A federal grand jury in Houston indicted Andrew S. Fastow, the former chief financial officer of Enron Corp., yesterday on dozens of fraud, money-laundering and conspiracy charges, the latest move in the active government probe into wrongdoing at the bankrupt energy trader.
The charges against Fastow, who allegedly masterminded a complex web of partnerships that disguised Enron's financial woes and funneled millions of dollars into his own pockets, were filed four weeks after he surrendered to the FBI and was released on a $5 million bond. He is the highest-ranking Enron official to face criminal charges.
The 78-count indictment closely tracks allegations that prosecutors leveled against Fastow in a sworn statement by an FBI agent at that time. The court papers also include a new claim: that Fastow attempted to block investigators by persuading his top aide, Michael J. Kopper, to tamper with laptop and desktop computers late in the summer of 2001. That was shortly after Enron executive Sherron Watkins raised questions about Enron's accounting practices but before the company's financial woes became public.
The obstruction count is significant because it challenges Fastow's claim, as cited by his attorney, John W. Keker, that he "never believed he was committing any crime."
"The natural question is, why would you try to influence someone to cover up or destroy evidence if you thought you did nothing wrong?" said Thomas R. Ajamie, a Houston defense lawyer. "That's a question the jury will face."
Fastow, 40, is scheduled to appear in a Houston courtroom Wednesday to enter a formal plea on the charges. He faces up to 20 years in prison under the money-laundering counts alone.
Andrew Weissmann, deputy director of the Justice Department's Enron task force, said outside the courthouse yesterday that Fastow is not cooperating with prosecutors or providing evidence about other Enron misdeeds. Asked whether the potential for steep fines and prison time would induce the defendant to change his mind, Weissmann said, "If you do the math . . . these are significant charges that carry significant jail terms."
Keker said in a statement: "These charges are full of sound and fury, but the truth about Enron has yet to be told. When that truth is told, to a jury of 12 honest Americans, Andy Fastow will be set free."

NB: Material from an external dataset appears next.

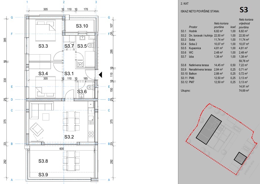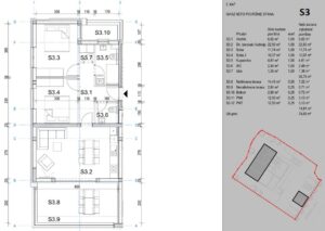 Na predaj je trojizbový apartmán (S3) s celkovou rozlohou približne 74,69 m2 na druhom poschodí novostavby v Novalji.

Deputy Attorney General Larry D. Thompson said: "The investigation into Fastow's illegal activities continues. We will use every appropriate measure to recover the ill-gotten gains of these corporate schemers."
In a sign of the continuing investigation, the same Houston grand jury heard testimony last week about Enron stock sales by former chairman Kenneth L. Lay before the company's collapse, according to lawyers involved in the case. Michael R. Ramsey, a lawyer representing Lay, said his client behaved appropriately when he sold Enron shares.
Enron's collapse has had far-reaching effects, leading to massive shareholder losses and thousands of job cuts. Enron, which is attempting to reorganize out of bankruptcy, is defending itself against civil lawsuits filed by investors and lenders.
Starting in 1997, according to court papers, Fastow and others devised a plan to use bookkeeping maneuvers to hide the company's financial trouble, inflate its stock price, avoid federal energy regulations and enrich themselves by tens of millions of dollars.
Fastow and his business associates -- many of whom are not named in court papers because of a Justice Department policy not to name people it has not criminally charged -- used scores of secretive off-balance-sheet partnerships to achieve those goals.
The indictment cited evidence about myriad transfers of allegedly tainted funds to Fastow, his wife, his two sons and other former associates, including onetime Enron in-house lawyer Kristina Mordaunt, former treasurer Ben F. Glisan Jr. and partnership employee Michael Hinds.
After an August guilty plea by Kopper, Fastow's right-hand man, the Enron task force moved to seize more than $20 million in bank accounts belonging to Fastow and his wife. Prosecutors also successfully sought to place in escrow about $4 million in proceeds from the sale of the family's new house in a luxurious Houston neighborhood.
Kopper, a key government witness, told a judge at his plea hearing that he kicked back thousands of dollars to Fastow and his relatives. Kopper also described the inner workings of the partnerships he and Fastow controlled -- and apparently shared information about Fastow's alleged attempts to persuade Kopper to tamper with Enron computers.
Earlier this month, prosecutors used a detailed criminal complaint to lay out their case against Fastow and send a signal to other former Enron executives who allegedly helped obscure the company's financial problems, including former chief accounting officer Richard A. Causey and former treasurer Jeffrey McMahon. The complaint and yesterday's indictment also cited an unnamed "major financial institution," which congressional testimony disclosed is Merrill Lynch & Co., that helped Enron to book profits in an alleged sham energy deal in late 1999.
Attorneys for Causey and McMahon did not return calls. A spokesman for Merrill Lynch has said that its employees did nothing wrong in their dealings with Enron and that Enron is responsible for how it treated the deal on its books.
Special correspondent Aaron Katersky in Houston contributed to this report.